Patience in Building an Online Community

These days companies equate building a community (online or offline) as easy as building a web site. Unfortunately, they are incorrect. It takes times, planning, and numerous other factors that are beyond your control. Here are some tips in building your community and knowing full-well it isn’t going to happen overnight:

  • Say hi once and a while.  Especially on Facebook and Twitter don’t just overload their news feeds with corporate promos / mktg messages. Be a real person!
  • Highlight a community member and the work he/she is doing. That person will appreciate and talk about your brand on his/her blog, twitter acct, facebook, etc…
  • Internally evangelize community learnings within your company.  Let people know what you are doing and know how they can take part in this new type of communication.
  • ask yourself is content more important than quality.

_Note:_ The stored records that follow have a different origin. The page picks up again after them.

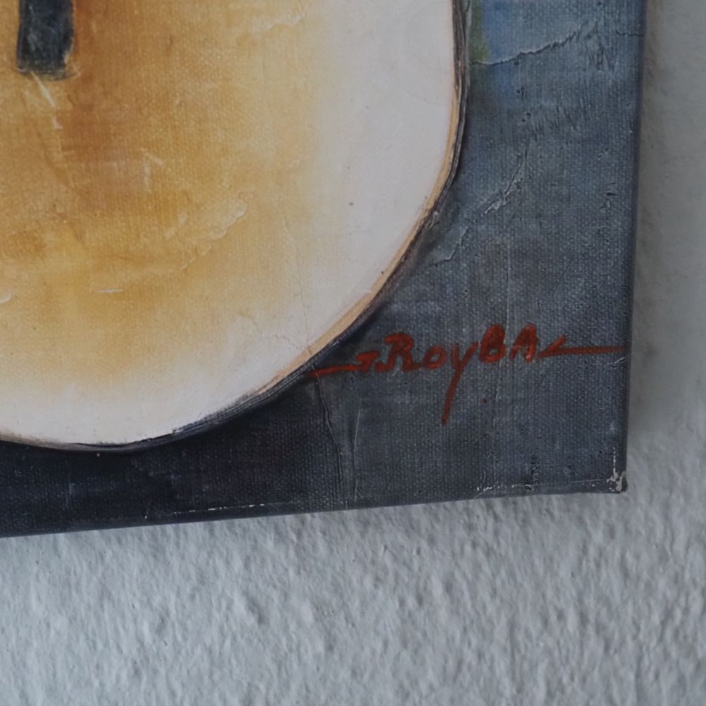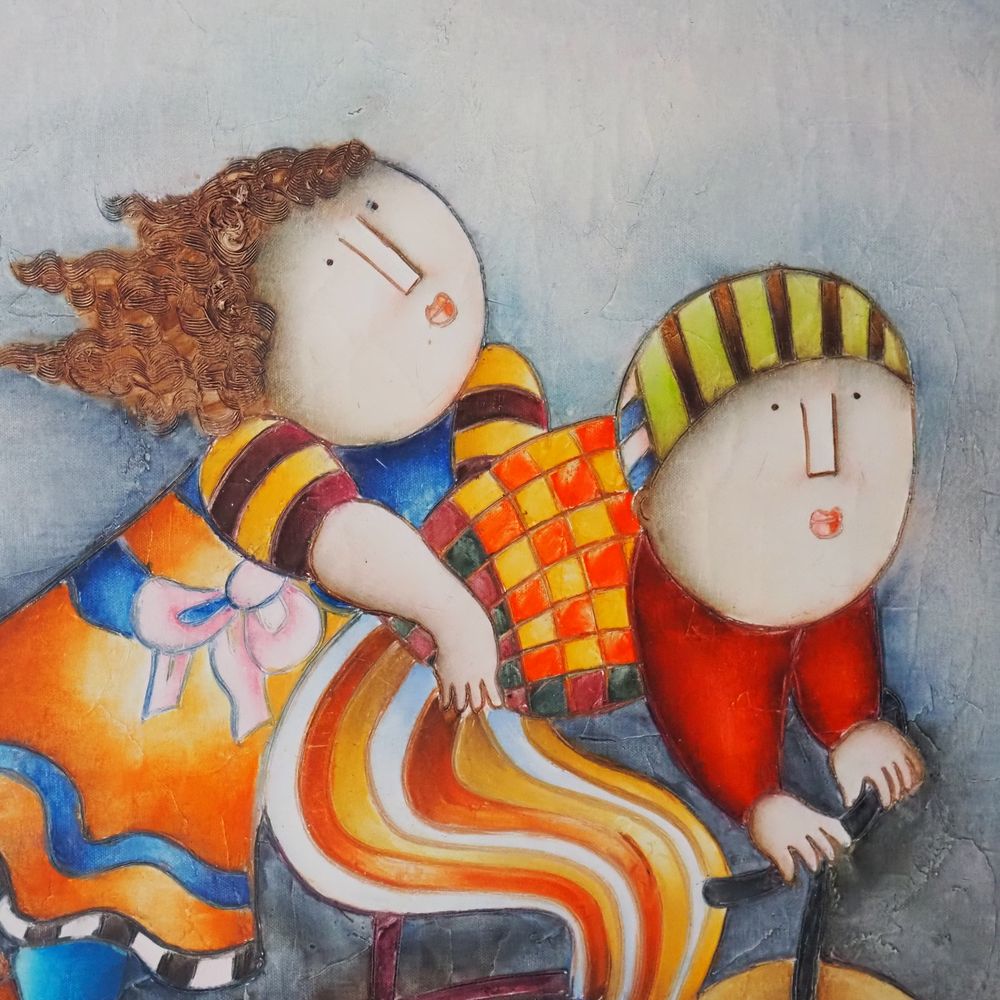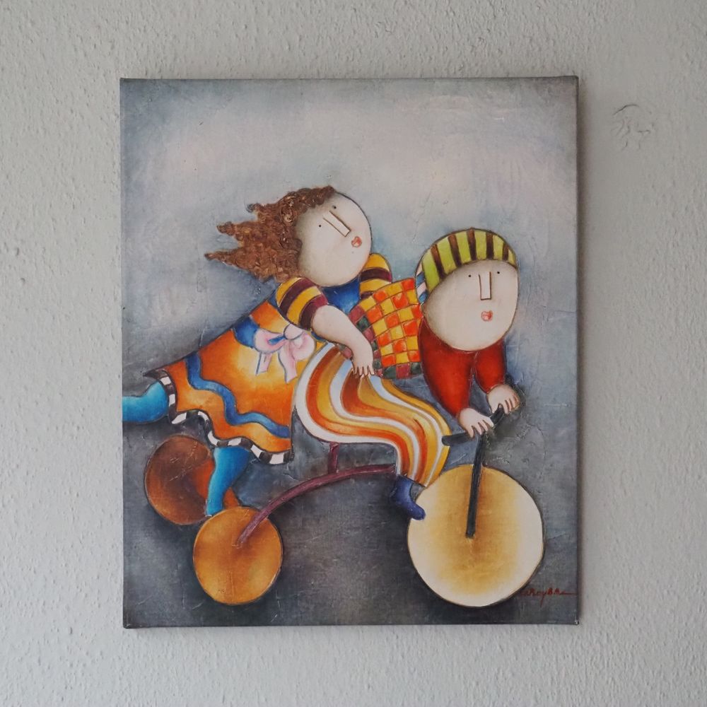 Joyce Roybal (1955) : Huile sur toile, naif, promenade en tricyle, signée en bas à droite, dim: 60 x 50 cm
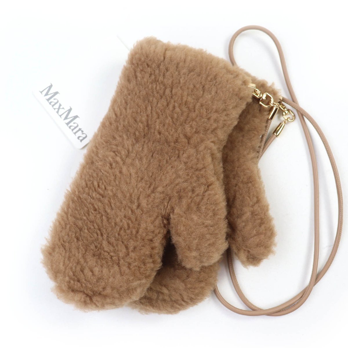 - 未使用品☆Max Mara マックスマーラ 2345660733 テディ ミトン キャメル シルク ストラップ付 手袋 ブラウン ML イタリア製 正規品
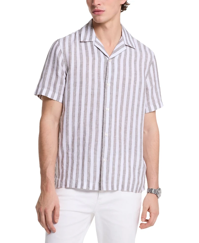 Michael Kors Men's Relaxed-Fit Linen Stripe Shirt
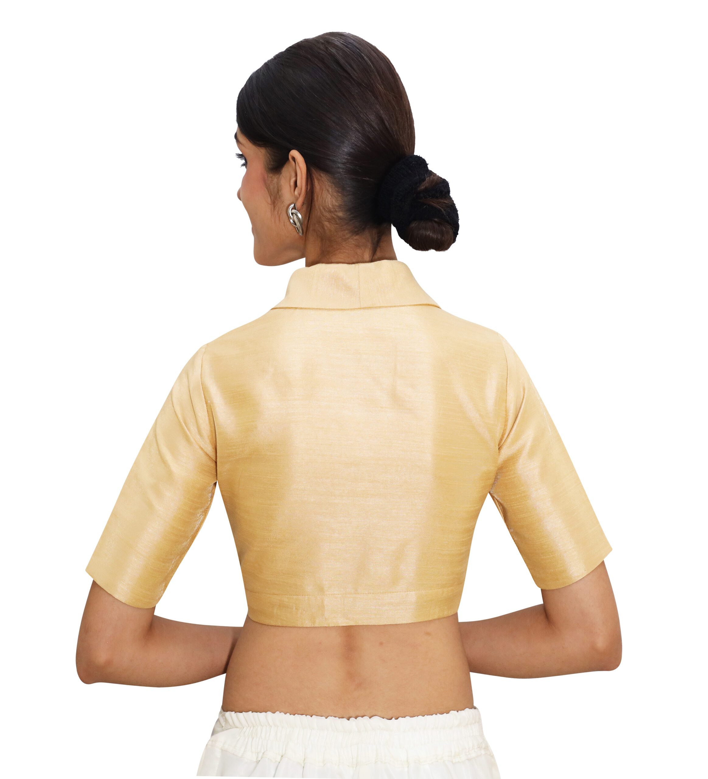 Elegant golden blouse for womenĀ in solid Bangalori silk with crepe lining, featuring a stylish collar neckline, half sleeves, and a front hook closure. Perfect for festive and party looks.
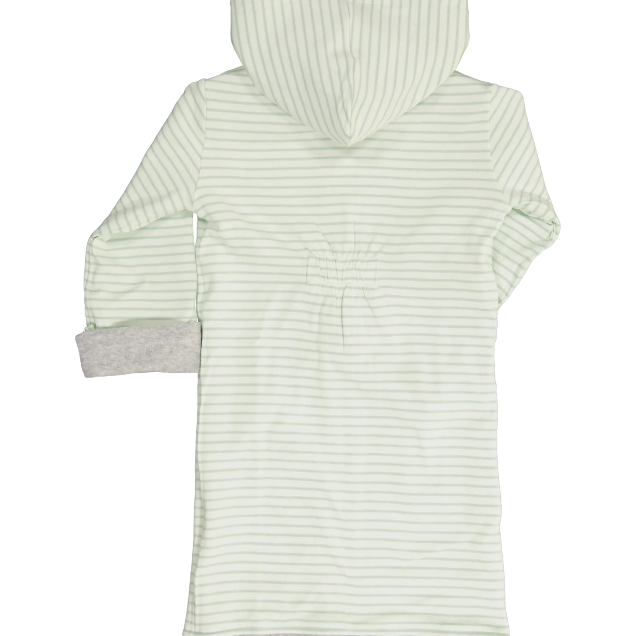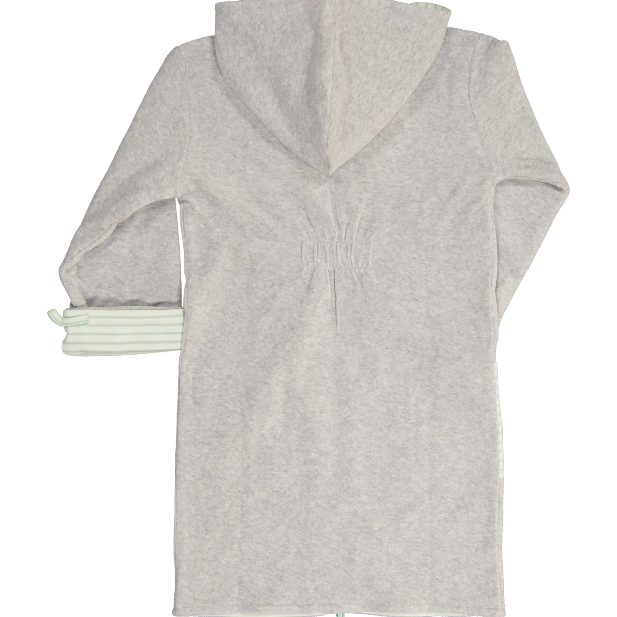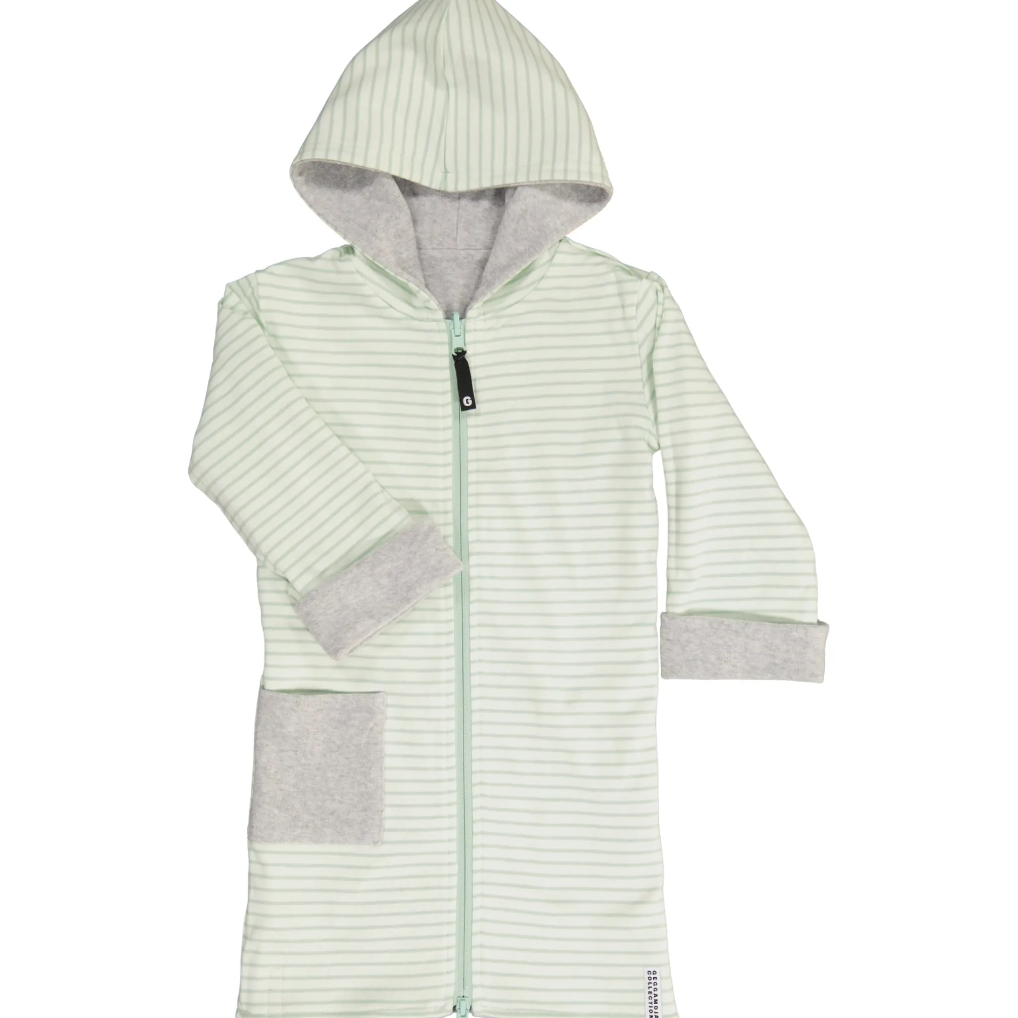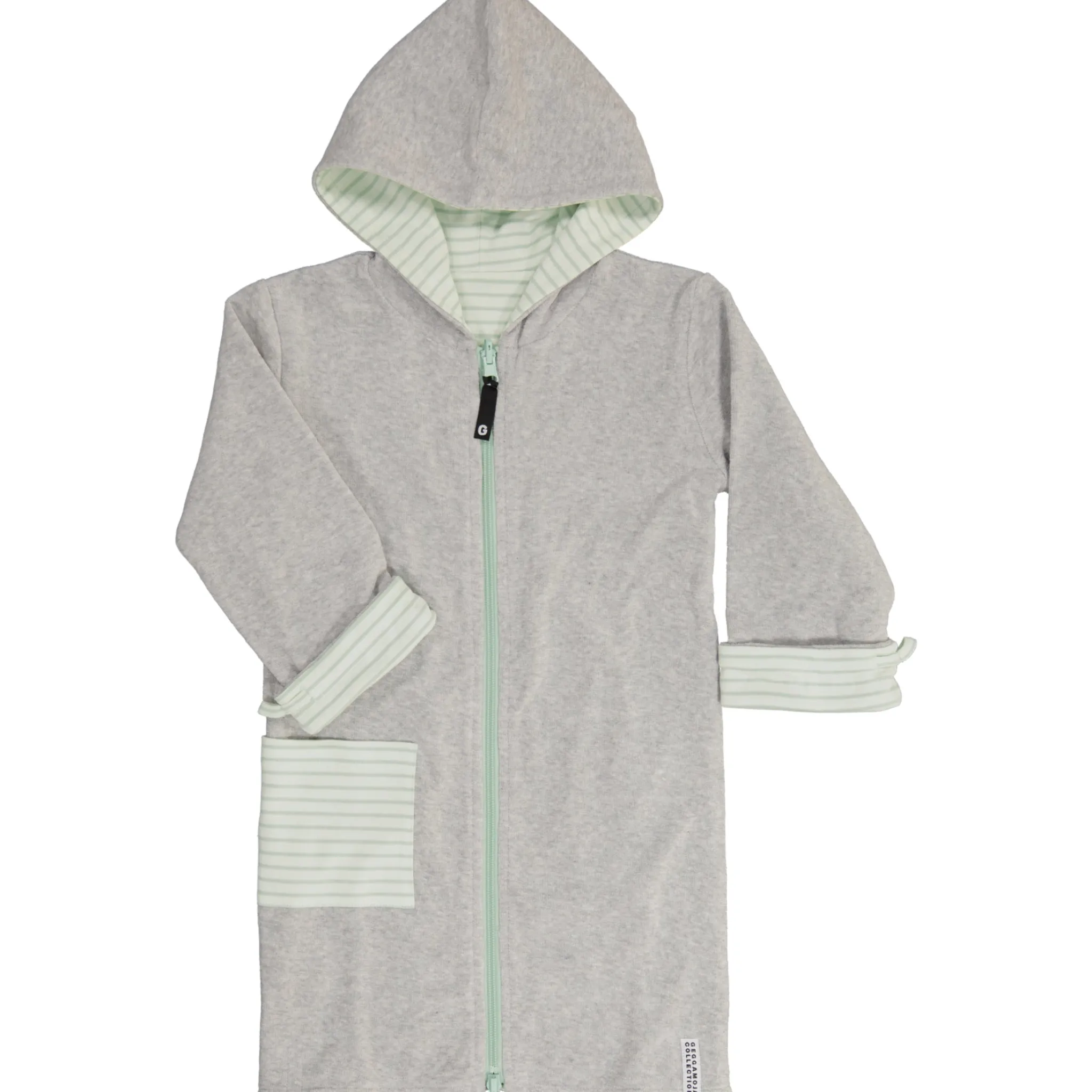 Bästa vändbara badrocken – här i grå frotte med ränder i grönt och vitt. Med bästa ärmslutet som går att vika upp eller ner allteftersom barnet växer. Badrocken är vändbar, ena sidan randig interlock och andra sidan enfärgad frotte. Badrocken har blixtlås, så du slipper släpande skärp. Lika bekväm på stranden, badhuset som hemma.

Do you need a nice HD camera and spend the time rendering or do you just need a small Flip or Kodak camera and get your video up on your YouTube channel as fast as possible.
  • Have a real conversation with one of your community members. Give them a call and  hear what they have to say in ways in which  your community and product can be improved.
  • and finally it isn’t about how many fans you have, # of followers, how many registered on your site, but about how many are engaged and interact with you.  If you’re product launch is 2 years from now start building your community now step by step, fan by fan, follower by follower.

-Randy
@djksar

One response to this post.

  1. Posted by greeninsights on March 12, 2010 at 9:26 pm

    Thanks for the reassurance that Rome wasn’t built in a day. Building community online is effortless in the sense that you can communicate with numerous people collectively rather than trying to stay in touch offline individually. Yet, it’s a type of communication that doesn’t seem to readily equate into personal and professional success.